Lucretius opens his poem by addressing Venus as the mother of Rome (Aeneadum genetrix) and the mother of nature (Alma Venus), urging her to pacify her lover Mars and spare Rome from strife. By recalling the opening to poems by Homer, Ennius, and Hesiod (all of which begin with an invocation to the Muses), the proem to De rerum natura conforms to epic convention. The entire poem is also written in the format of a hymn, recalling other early literary works, texts, and hymns and in particular the Homeric Hymn to Aphrodite. The choice to address Venus may have been due to Empedocles's belief that Aphrodite represents "the great creative force in the cosmos". Given that Lucretius goes on to argue that the gods are removed from human life, many have thus seen this opening to be contradictory: how can Lucretius pray to Venus and then deny that the gods listen to or care about human affairs? In response, many scholars argue that the poet uses Venus poetically as a metonym. For instance, Diskin Clay sees Venus as a poetic substitute for sex, and Bonnie Catto sees the invocation of the name as a metonym for the "creative process of natura".

After the opening, the poem commences with an enunciation of the proposition on the nature and being of the deities, which leads to an invective against the evils of superstition. Lucretius then dedicates time to exploring the axiom that nothing can be produced from nothing, and that nothing can be reduced to nothing (Nil fieri ex nihilo, in nihilum nil posse reverti). Following this, the poet argues that the universe comprises an infinite number of Atoms, which are scattered about in an infinite and vast void (Inane). The shape of these atoms, their properties, their movements, the laws under which they enter into combination and assume forms and qualities appreciable by the senses, with other preliminary matters on their nature and affections, together with a refutation of objections and opposing hypotheses, occupy the first two books.

In the third book, the general concepts proposed thus far are applied to demonstrate that the vital and intellectual principles, the Anima and Animus, are as much a part of us as are our limbs and members, but like those limbs and members have no distinct and independent existence, and that hence soul and body live and perish together; the book concludes by arguing that the fear of death is a folly, as death merely extinguishes all feeling—both the good and the bad.

The fourth book is devoted to the theory of the senses, sight, hearing, taste, smell, of sleep and of dreams, ending with a disquisition upon love and sex.

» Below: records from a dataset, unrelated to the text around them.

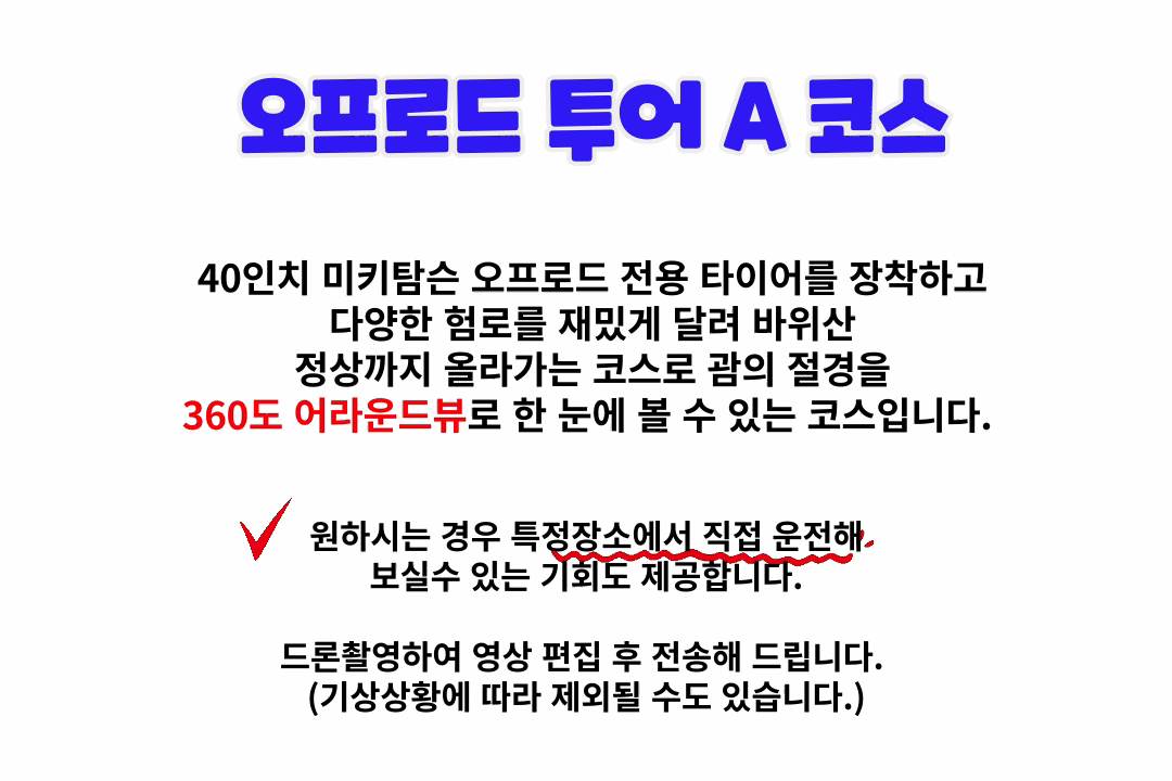 ✔ 기상 상황에 따라 투어 취소 시 전액 환불 처리해 드립니다.
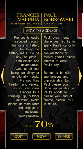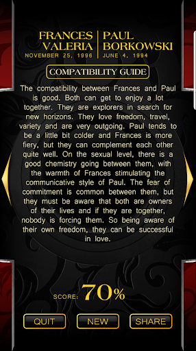 This handy app calculates your love compatibility with another person quite accurately using astrology and pythagorean numerology. These calculations therefore are based on actual science and not random numbers.
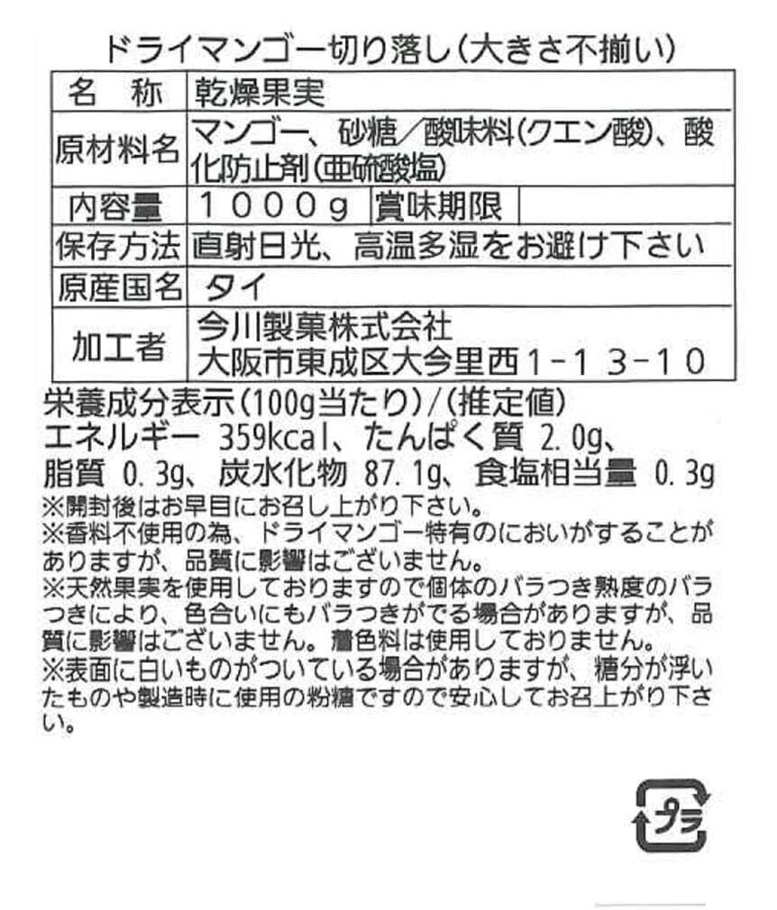 今川製菓 ドライマンゴー 切り落とし 1kg ドライフルーツ マンゴー 業務用 チャック袋 入り (大きさ不揃い)

The fifth book is described by Ramsay as the most finished and impressive, while Stahl argues that its "puerile conceptions" are proof that Lucretius should be judged as a poet, not as a scientist. This book addresses the origin of the world and of all things therein, the movements of the heavenly bodies, the changing of the seasons, day and night, the rise and progress of humankind, society, political institutions, and the invention of the various arts and sciences which embellish and ennoble life.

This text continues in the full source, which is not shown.